Крапивин остановился перед зеркалом, вгляделся в свое отражение. На висках седина. Это красиво, но вовсе не радостно. Подбородок все так же смотрит вперед, упрямый, что называется, волевой. Красивые ровные зубы, дружеский, приветливый взгляд. Женщинам он еще нравится. Нет, ты еще молодец, Крапивин! Тебя еще надолго хватит. Власов пришел перед самым рассветом. Крапивин, положив книгу, поднялся навстречу ему с дивана. - Живы? А я уже не надеялся вас увидеть. - Почему? - Из таких переделок, в какую вы попали в цирке, редко выходят целыми. Сергей нахмурился. - Откуда вы знаете про цирк? - А Мери? Она вернулась домой в истерике. Я с трудом уложил ее спать. Согласитесь, такие потасовки не для женщины. Она убеждена, что вас убили. И я вполне разделял ее опасения. Разъяренная толпа — это, батенька, не фунт изюму. - Да какая толпа, — Сергей досадливо пожал плечами. — Бандиты были. - Полный цирк бандитов? — Крапивин улыбнулся.— Полноте. Передо мной можете не скрываться. Видимо, эта бестия Бом пользуется подлинной популярностью. Сергей взял с дивана книгу, прочитал название: «Оссиан». Что-то знакомое. Смысл последних слов инженера дошел до него не сразу. Он бросил книгу и обернулся. - Та-ак... — протянул он, совсем как Афанасий. — Значит, по-вашему, чекисты пытались арестовать ни в чем не повинного клоуна Бома? Возмущенная публика не дала в обиду своего любимца? Ненавистные чекисты были разорваны на куски доведенным до ярости народом? Так, по-вашему?! - Зачем вы кричите, Сережа? — укоризненно сказал инженер. — Ведь эту глупость допустили вы, а не я. Сергей сел, откинулся на спинку дивана, с силой втянул сквозь зубы воздух. - Простите, Павел Иванович. Это была страшная глупость. Я только сейчас понял это до конца. - Не принимайте так близко к сердцу, Сережа, — участливо посоветовал Крапивин. — На ошибках учатся. Враг хитер.
Сергей поднял голову. — Вы считаете, что была провокация? Сознательная провокация? Крапивин присел рядом с Сергеем, положил дружески руку ему на плечо. - Все может быть, Сережа.
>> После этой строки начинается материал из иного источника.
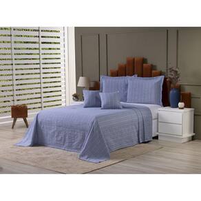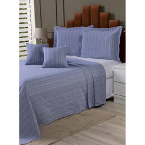 Kit Colcha Cobre Leito Queen + Cortina 2 Metros Tecido Rústico Topázio 6 Peças Cor: Azul Um kit completo pra deixar seu quarto super moderno e elegante.

Думаю, однако, что несчастный Бом вряд ли сам решился. Корни идут глубже. Его подучил Перфильев. - Перфильев? — Инженер в раздумье почесал нос. — Что ж, очень может быть. Перфильев нехороший человек. Случайный у нас. Он выходец из рудных жомов. Была такая должность на заводах — приемщик сырья и готовой продукции. Платили им жалкие гроши, и, чтобы прожить, приемщик должен был обвешивать и обсчитывать. На таком месте ангел за год превратился бы в черта. Перфильев не исключение.
Ограниченный и вздорный человек, которого жизнь — вернее, наши заводские порядки — лишала остатков совести. Не знаю, что свело его с эсерами, но и эсеры использовали его для самых грязных дел. На заводе его не любят, но уважают за боевое прошлое. Все-таки он террорист известный. И верьте мне, за его спиной тоже кто-то стоит. - Завтра узнаем. - Перфильева уже взяли? Молодцы! Это оперативность! Ну, идите отдыхать. Простите, что я вас задержал. Я очень тревожился за вас. Сергей протянул ему руку. - Спасибо вам, Павел Иванович. - Пустяки, Сережа. Просто я дольше жил и больше видел.
Инженер проводил его до лестницы. Потом подошел к телефону и снял трубку.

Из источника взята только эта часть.